Lobizona by Romina Garber: This was my surprise story of the year. I didn’t know what to expect when reading this, but I was so surprised that it didn’t get the kind of love it deserves. It discusses undocumented citizens in many ways than one, finding your family, yourself, and where you belong. It’s most definitely a YA filled with its regular tropes, but I didn’t mind any of that because the story was that good. I highly recommend if you’re a fan of magical schools, werewolves, and brujas!

Cemetery Boys by Aiden Thomas: Speaking of magic, Cemetery Boys was such a sweet story about a boy trying to prove himself as a brujo to his family after coming out as trans.
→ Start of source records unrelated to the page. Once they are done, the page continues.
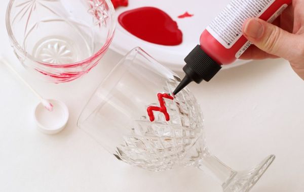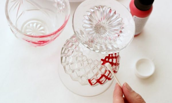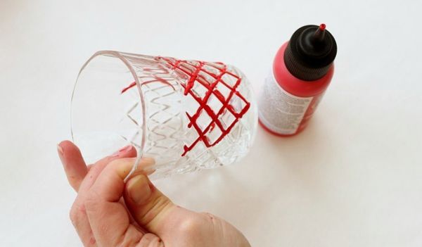 Comece limpando muito bem os copos com água e sabão e, depois com o álcool isopropílico em um pano de limpeza limpo e seco. Então, com o próprio bico da bisnaga da tinta ou com um pincel fino, dependendo da sua preferência, siga os motivos presentes no copo escolhido, ou então desenhe os motivos que você quiser por seu copo, e na posição que você quiser.
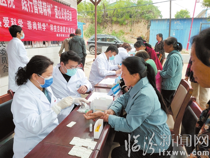 临汾新闻网讯 5月26日,市第三人民医院的医务人员来到大宁县太古镇坦达村,开展“践行雷锋精神”爱心义诊活动,受到当地村民欢迎。
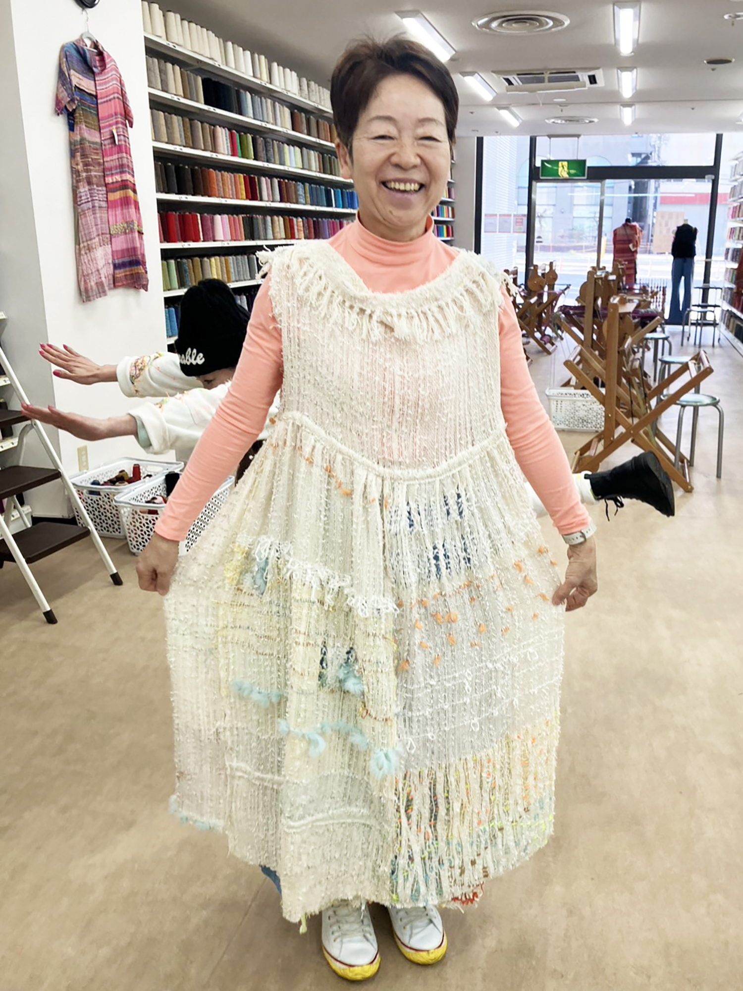 カシミヤで創ったワンピースの春バージョンを、とコットンを中心に織り上げられましたが、いざ仕立てようとすると布の長さが足りず…
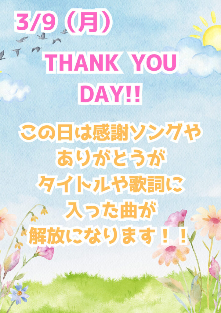 39の日!ということでこの日は感謝ソングやありがとうが曲名や歌詞に入った曲が解放となります!
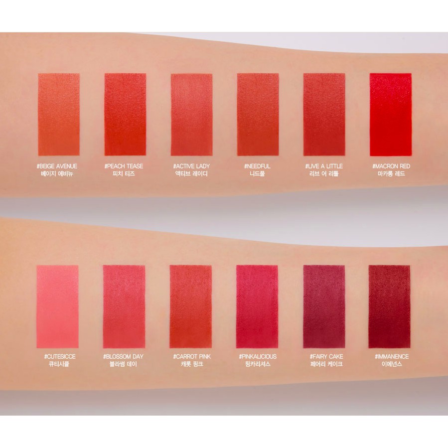 🔥 BST MỚI NHẤT 𝟑𝐂𝐄 Cloud Lip Tint 2019🔥 ⭐️ Thiết kế mới với thân son vuông bằng nhựa nhám, màu trùng với màu son bên trong, nắp đậy màu vàng gold sáng bóng cực kì sang chảnh 🌥 Sở hữu chất son nhẹ bẫng như mây, đặc biệt là rất mỏng mịn đúng như tên gọi và hoàn toàn không gây khô môi 💄 Lên màu cực chuẩn và che phủ môi hoàn toàn chỉ sau một lần quệt ⏰ Giữ màu trên môi được 4 - 8 tiếng, có thể ăn uống thoải mái mà son vẫn để lại màu dạng stain cực xinh BẢNG MÀU HOT NHẤT HIỆN TẠI NHÉ CẢ NHÀ ƠI! ‼️Bảng son gồm 12 màu : 1. Peach Tease: Cam san hô 2. Needful: đỏ gạch 3. Macaron Red: Đỏ hồng 4. Live A Little: Đỏ đất 5. Fairy Cake: Hồng đất trầm 6. Cutesicle: Hồng nude 7. Carrot Pink: Hồng san hô 8. Blossom Day: Hồng đào 9. Beige Avenue: Cam nâu 10. Active Lady : hồng cam nude 11. Immanence: Đỏ trầm 12. Pinkalicious: Hồng trầm

Of course, things work a little too well and our main character is stuck with the ghost of another boy following him around. While he tries to figure out how to save his new ghostly friend, our main character also discovers his own ability, defies the strict gender-based rules of his family’s culture, and falls in love.

Words of Radiance by Brandon Sanderson: The second book in the Stormlight Archive. OMG, I think with every book I read from Brandon Sanderson, I fall in love with his world a little bit more. I can most definitely see me devouring the rest of the Cosmere in the future.

The Rage of Dragons by Evan Winter: If I had a top 5 list of favorite books of the year, this will most definitely be on it. OMG, this book was so good with a hero’s journey, the chosen one, but also a lot of heart and loss. I love stories like this and I cannot wait to get into the second book next year.

Black Sun by Rebecca Roanhorse: This is my first book by Rebecca Roanhorse and wow, I was totally in love with it. Seriously, this was way different from any of the other stories I’ve read and it’s filled with Pre-Columbian folklore that was way worth the read. We read this one for book club and I have to admit, it was one of my favorites of the year.

The Eye of the World by Robert Jordan: I finally started the Wheel of Time and I’m so glad I did. The first book in the series was interesting for sure. I loved all the characters and enjoyed the homage to The Fellowship of the Ring in the beginning of the novel. As you get into the rest of the story, then it starts to diverge and that’s when I started to really get into it. I think this series will definitely be appearing on my TBR next year.

Mistborn by Brandon Sanderson: I’m so glad to finish this year with another Brandon Sanderson novel. This will make my third Brandon Sanderson of the year and I don’t think I’ll be stopping. This story really impressed me especially with its magical systems and characters. I will most definitely be finishing this series next year.